Охранник внимательно посмотрел на паспорт, затем заглянул зачем-то в свой журнал и, ухмыльнувшись, пропустил Михаила. В кабинете, напротив, его внешность никого не смутила. Поздоровавшись со всеми сразу, он снял верхнюю одежду, накинул куртку с логотипом «ООО «Управляющая компания № 1» и уткнулся в монитор компьютера. Первым, кто заинтересовался похорошевшим сотрудником, стал начальник смены.

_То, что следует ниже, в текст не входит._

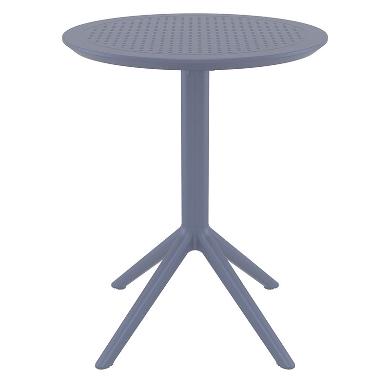 Sky τραπέζι πτυσσόμενο Φ60X74εκ. του οίκου Siesta σε χρώμα dark grey.Κατασκευασμένο από πολυπροπυλένιο.Στο κάτω μέρος της επιφάνειας διαθέτει κρυμμένα γατζάκια για εύκολη τοποθέτηση τσάντας.Διαθέτει UV protection για μη αλλοίωση των χρωμάτων.Κατάλληλο για εσωτερική και εξωτερική χρήση.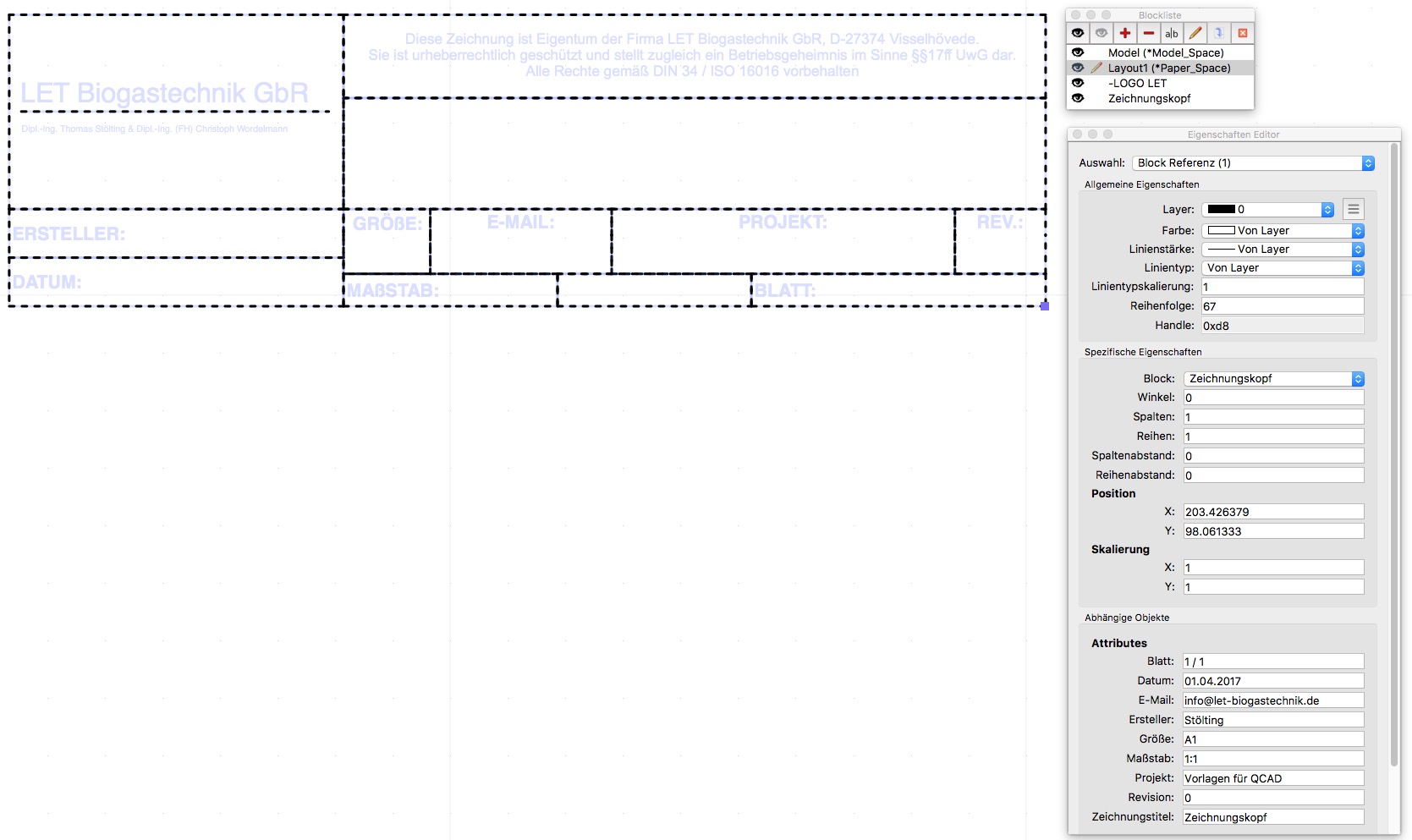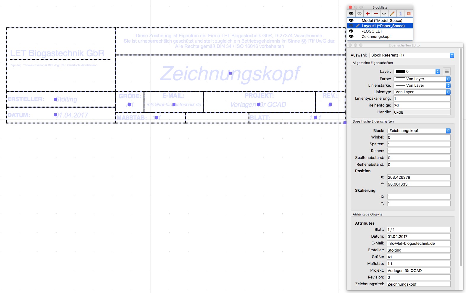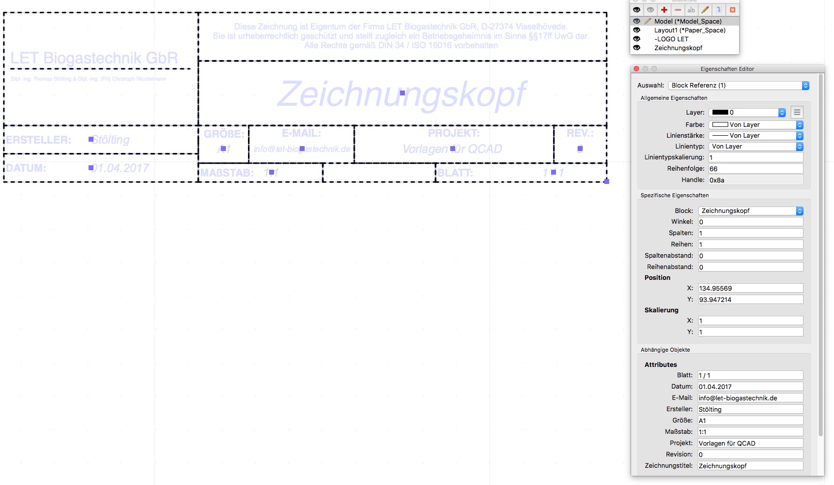 Der Zeichnungskopf kann stattdessen z.B. in einem Block “Zeichnungskopf” definiert werden. Der Block “Zeichnungskopf” wird dann in der Regel im Layoutblock eingefügt und die Attribute entsprechend definiert.

– Саныч, забирай своих и дуйте на объект. Если что, звони Алексею, он подтянется. – Потягивающий утренний кофе руководитель повернулся в сторону Кудрешова и поставил чашку с напитком на стол. Затем поднялся, подошел к подчиненному и, упершись обеими руками на его стол, с трудом выдавил:
– Что это с тобой, Миша? Это ты вообще?
– Да, Александр, это я. Сбрил усы, перестал пить, с утра бегал, а потом принял контрастный душ. Искренне желаю всем членам нашего дружного коллектива сделать то же самое. Надеюсь, в моих действиях отсутствует состав дисциплинарного проступка?
– Ну, Саныч! Первый раз такое вижу, ты же лет на пятнадцать помолодел. Это все твоя знакомая, что ли? Охренеть!
К этому моменту к процессу подключились все, кто находился в помещении. Больше десятка недоумевающих сослуживцев пялились на Кудрешова и, перебивая друг друга, засыпали того вопросами и скабрезными шутками. Продолжалось это, как показалось самому герою, минут двадцать. Затем в кабинет зашел директор и все быстро занялись своими привычными производственными делами. Сам же директор, не обращая внимания на Михаила, поскольку видел его со спины, обратился к начальнику смены и грозно потребовал не затягивать с подготовкой к субботнику. Тот, конечно же, вышел из помещения вслед за директором и до ухода Кудрешова на объект не вернулся.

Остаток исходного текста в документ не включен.